Sharing Stories of Clinical Trial Participation from Start to Finish

Article

Applied Clinical Trials

Applied Clinical TrialsApplied Clinical Trials-10-01-2018
Volume 27
Issue 10

How mapping patients’ health journeys can drive a deeper understanding of their experiences and motivations.

How mapping patients’ health journeys can drive a deeper understanding of their experiences and motivations

 

As our recent columns have shown, CISCRP’s 2017 Perceptions and Insights (P&I) survey-reaching 12,427 people around the world-elucidates areas of opportunity to improve clinical trials. The results show, for example, that more than half (58%) of the public reports that they would begin a search for a clinical trial by asking their doctor, yet the majority (73%) of people mention that they never or rarely discussed clinical trials as a treatment option.

Lengthy study visits (11%), travel time to the study site (23%), and the possibility of being placed in the placebo group (24%) continue to be challenges that study volunteers face when participating in a clinical trial. And when participation is over, 91% of patients feel it is important to receive a copy of their study results.
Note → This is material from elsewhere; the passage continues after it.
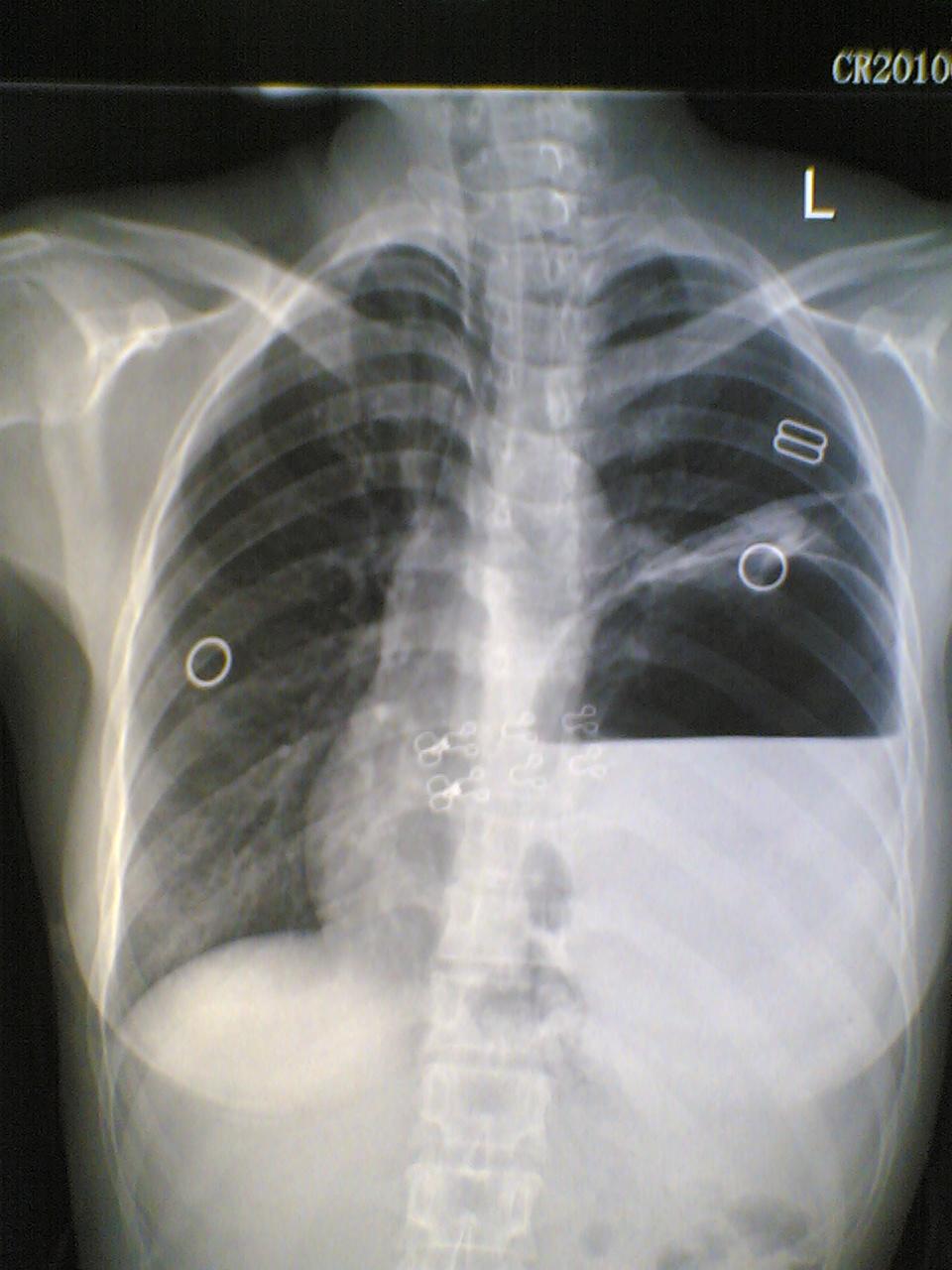 1)考虑左侧膈疝。2)左下肺盘状肺不张。支持!应该做钡餐或透视进一步检查。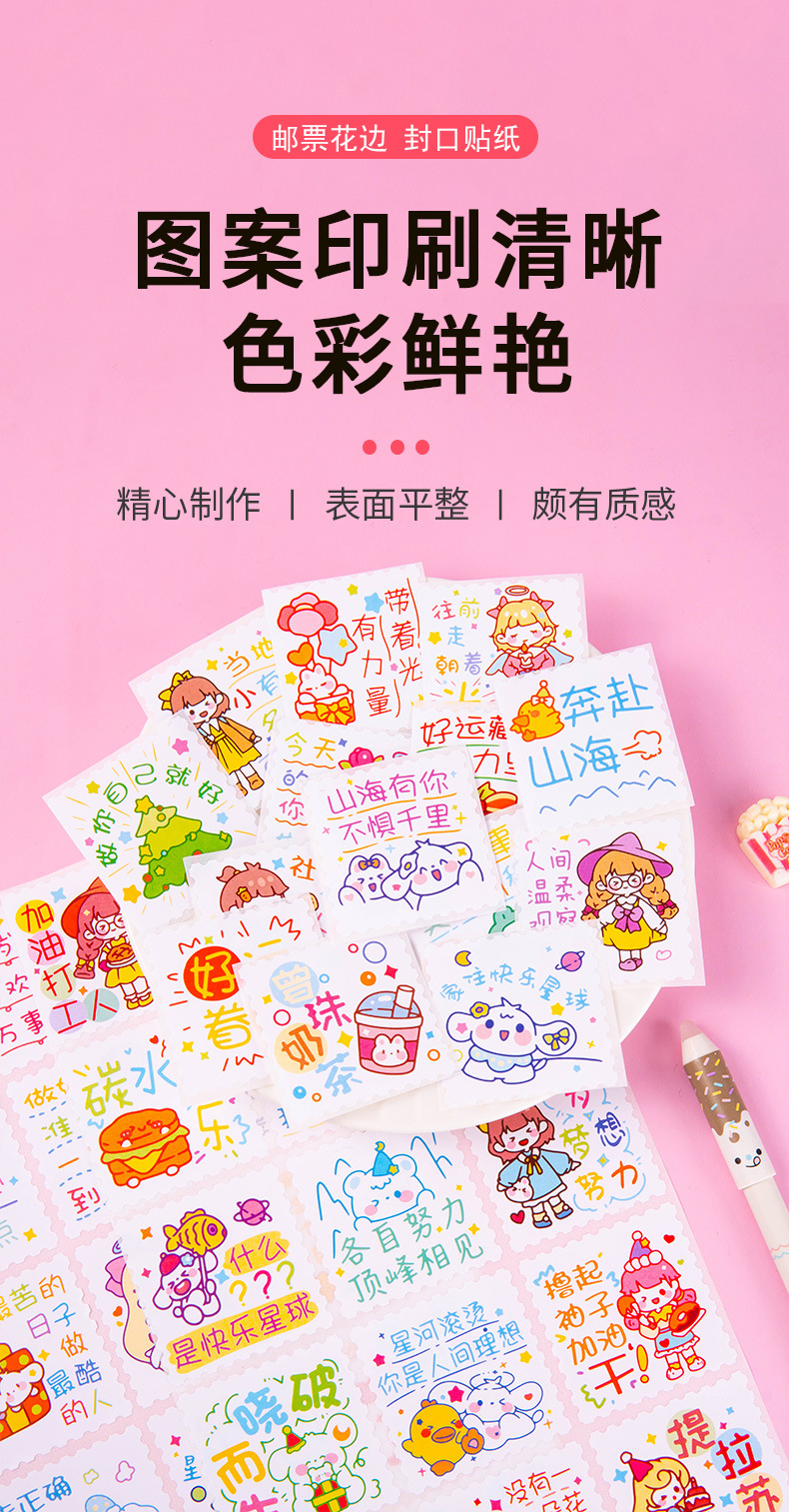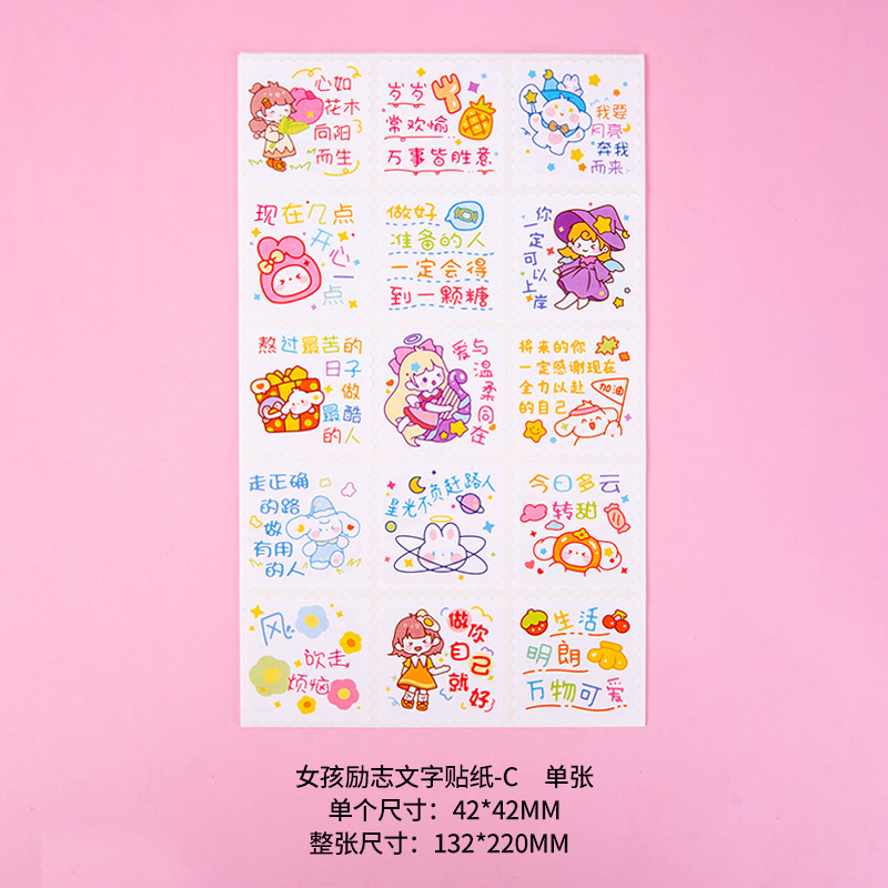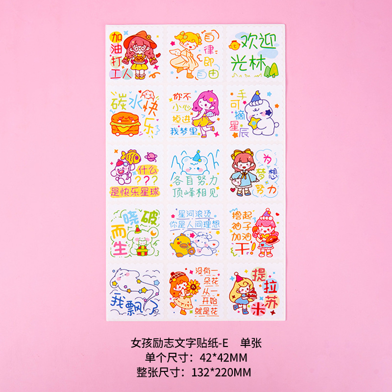 • 피트 백 스탬프 사이드 소녀 영감 텍스트 스티커-E 리플릿

The P&I data is helpful in quantitatively providing insight into “what” current patient attitudes and experiences are regarding clinical trials.

CISCRP has begun conducting Patient Journey Workshops (PJWs) in a creative and intimate setting to begin answering the “why” and “how” behind the quantitative survey results. In these workshops, patients are given the opportunity to share their clinical trial journeys by visually recreating their intricate and personal stories. With this approach, patients with chronic illnesses can reveal how their experiences with available treatments might weigh into their decision to participate, as well as how the symptoms of their condition or additional socioeconomic factors might affect their experience with clinical trial participation.

Furthermore, through PJWs, patients can share why a streamlined transition back to standard of care is critical, and why receiving study results is paramount once clinical trial participation is over.

Diving beneath the surface

The PJW is framed by the clinical trial participation timeline (i.e., before participation, during participation, and after participation) to capture feedback from a group of patients in a chronological manner. The group of patients invited to participate can either reflect the demographics of study volunteers for a potential clinical trial, or represent a diverse group of patients with a mix of conditions and experiences, and offer insight into unique needs and preferences of a patient population along a clinical trial timeline.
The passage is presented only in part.